What I tell kids is that raising money can be much harder than deploying it, especially if you’re not at a mega fund, and fewer people are lining up to do it. Firms are starting to realize the importance of high quality distribution, evidenced by the crazy amount of hiring happening in the space. All of that is supportive of strong comp moving forward. As a data point, we hire associates at 200-225k all in and it scales well from there.

 
earthwalker7

I often get DMs from WSO monkeys, usually early in their career, asking what IR and capital raising for PE funds is like. I thought I'd answer a few common questions.  I have the unique position of having worked in real estate PE (4 years), growth capital (4 years), and then IR (against my will, for 7 years). 

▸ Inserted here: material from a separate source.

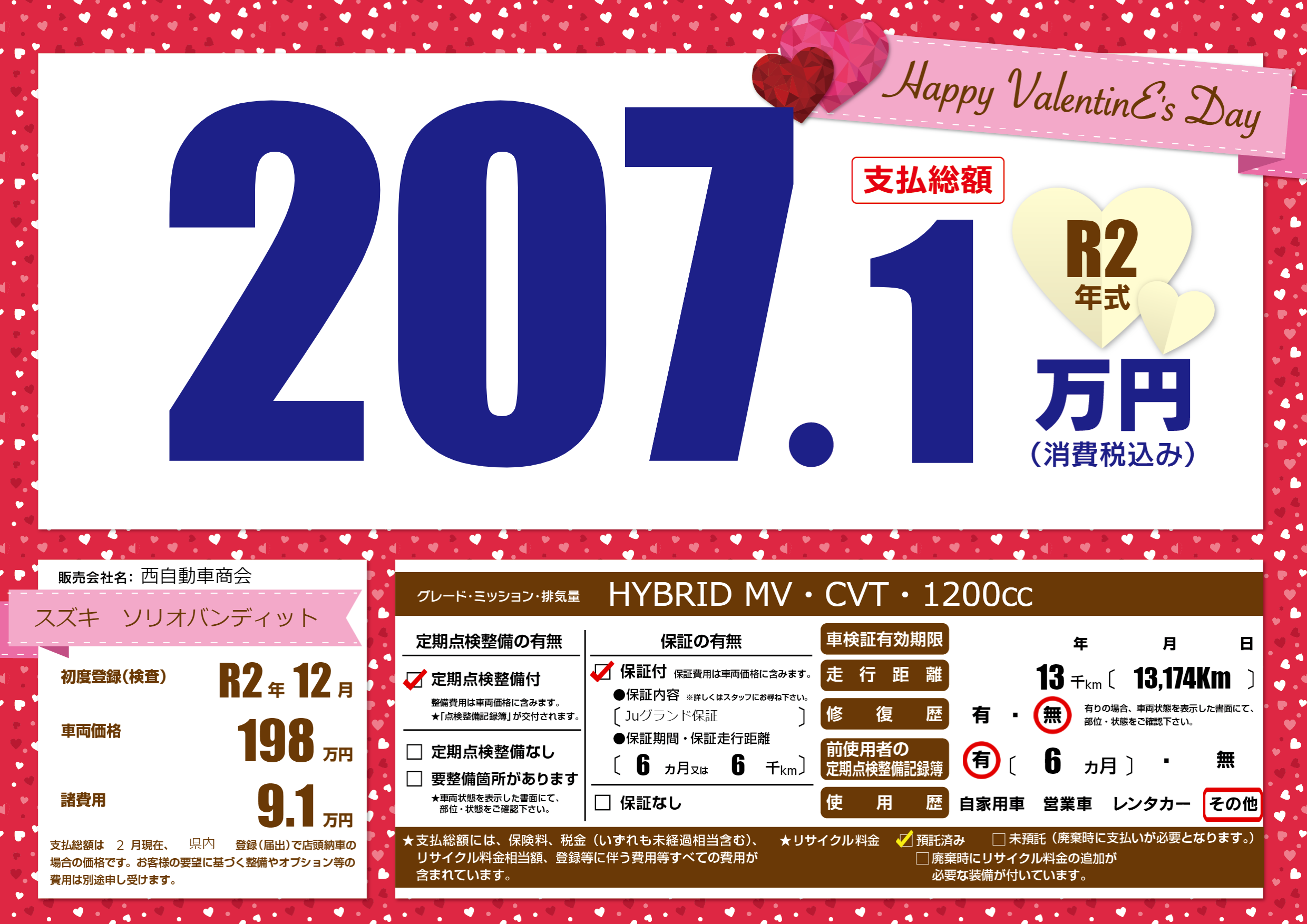 | 走行キロ | 1.3万km | 初年度登録 | R2年12月 |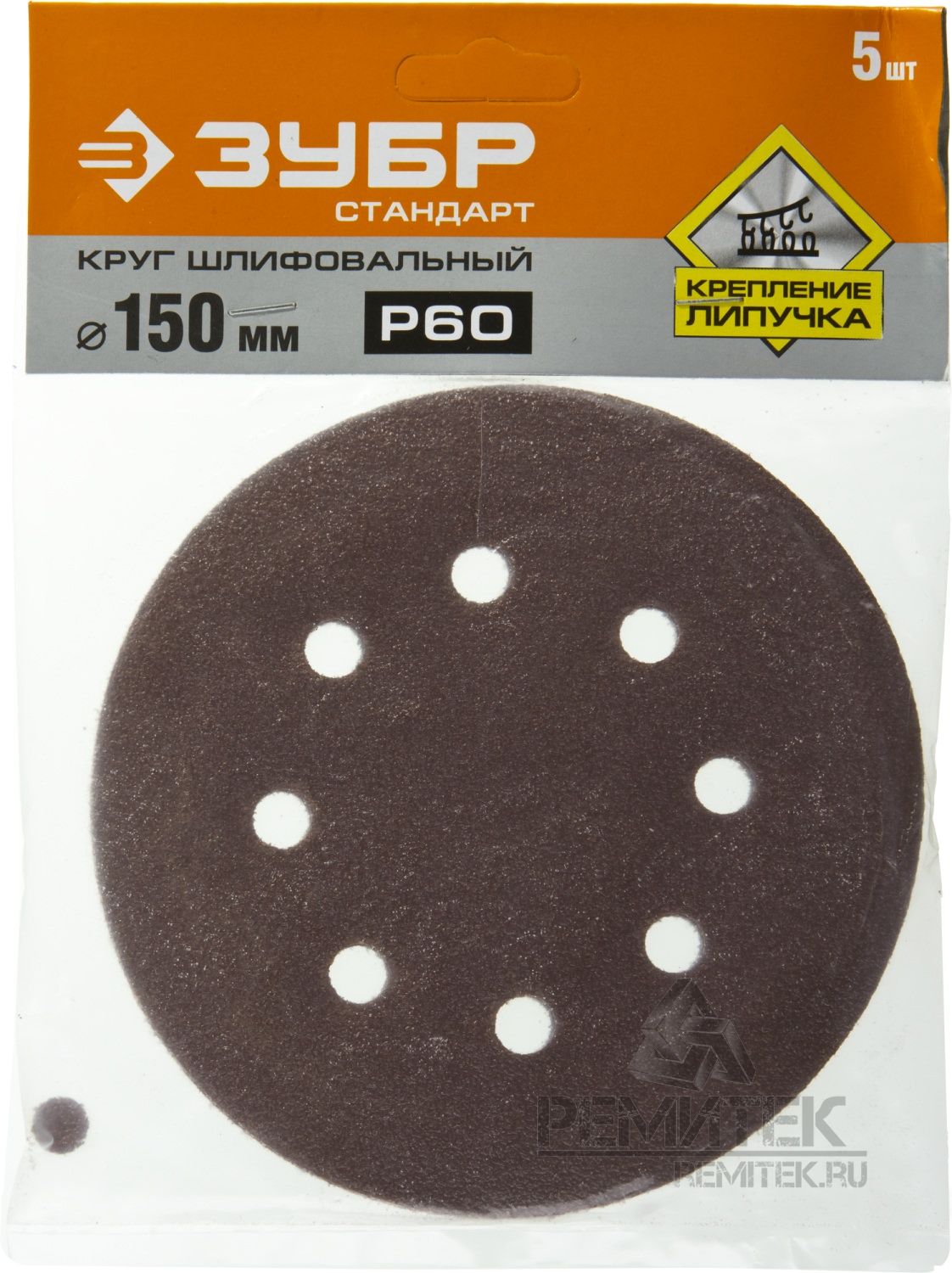 - Круг шлифовальный ЗУБР "СТАНДАРТ" из абразивной бумаги на велкро основе, 6 отв, Р60, 150мм, 5шт

  1. Will deal folks give you much respect?

Generally no. The two functions are totally different, but they are both pretty difficult. Many deal folks think IR is easy. It certainly is less intellectually difficult, but it's quite challenging to source, qualify, and develop LP leads. One ends up scouring databases, cold outreach, comparing the LPs of your competitors, hitting conferences and emailing a lot of people. Not intellectually stimulating at all, and admittedly lower-intellect work than deal work, but it's a slog and extremely time consuming just the same. If your firm is really holding you to account for growing AUM, it them becomes very stressful.  Nothing like the MD grilling you about pipeline week after week, and blaming you for slow AUM growth.

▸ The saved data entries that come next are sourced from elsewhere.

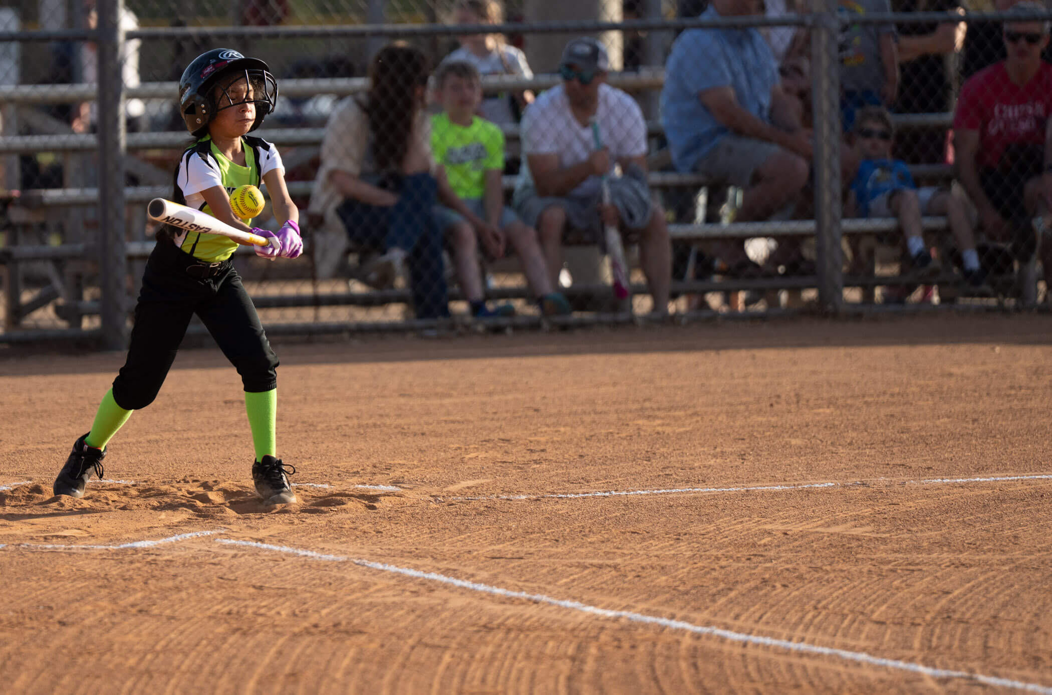 The sun hangs low in the sky, casting a golden glow over the freshly lined softball field. The crisp evening air hums with excitement as my daughter steps up to the plate, gripping her bat with quiet determination.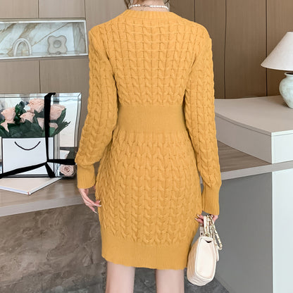 Round Neck Linen Sweater Hip-Covering Knitted Dress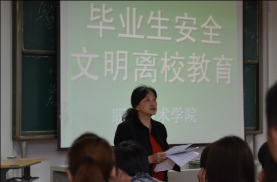 6月7日上午,毕业生文明离校教育在学校宁静楼537教室举行。会上,学院党委书记侯晓薇就毕业生文明离校教育、诚信还款等问题对毕业生提出了具体要求。毕业班辅导员潘素英、杨辉对办理离校手续等方面做了具体安排。

  1. Can one move from IR to the deal side?

It's nearly impossible. IR is quicksand. And the skillset is not transferable. Moreover the perception of IR people is not favorable among deal professionals, so making a move is super difficult. 

  1. Comp

Lots of variance on this aspect. Can't comment. I know seasoned IR people working for $1B funds making $150k/year, and I know folks working for $1B+ funds making $1M per year. Most are likely somewhere in the lower end of the spectrum though.

  1. Fun

It is not fun. Fun left life so long ago I wouldn't know what it looked like if I bumped into it on the road.

What about BD roles at funds? Are they just dressed up versions of what IR does? 

 

I’d say no (kind of) - most of the sales people are very long tenured and have built extensive relationships and honestly the team isn’t big. Each person counts and it would be a pain in the ass to fire someone. It seems in this space you cut someone fast if they aren’t working out but to get a sales role you’ve definitely had to show a good track record and the longer you’re there the harder it is to let you go

 

Thanks, appreciate this! Headed towards an IR gig, and I can find little to no consistent numbers on pay & pay growth on IR in PE anywhere, so always appreciate the insights.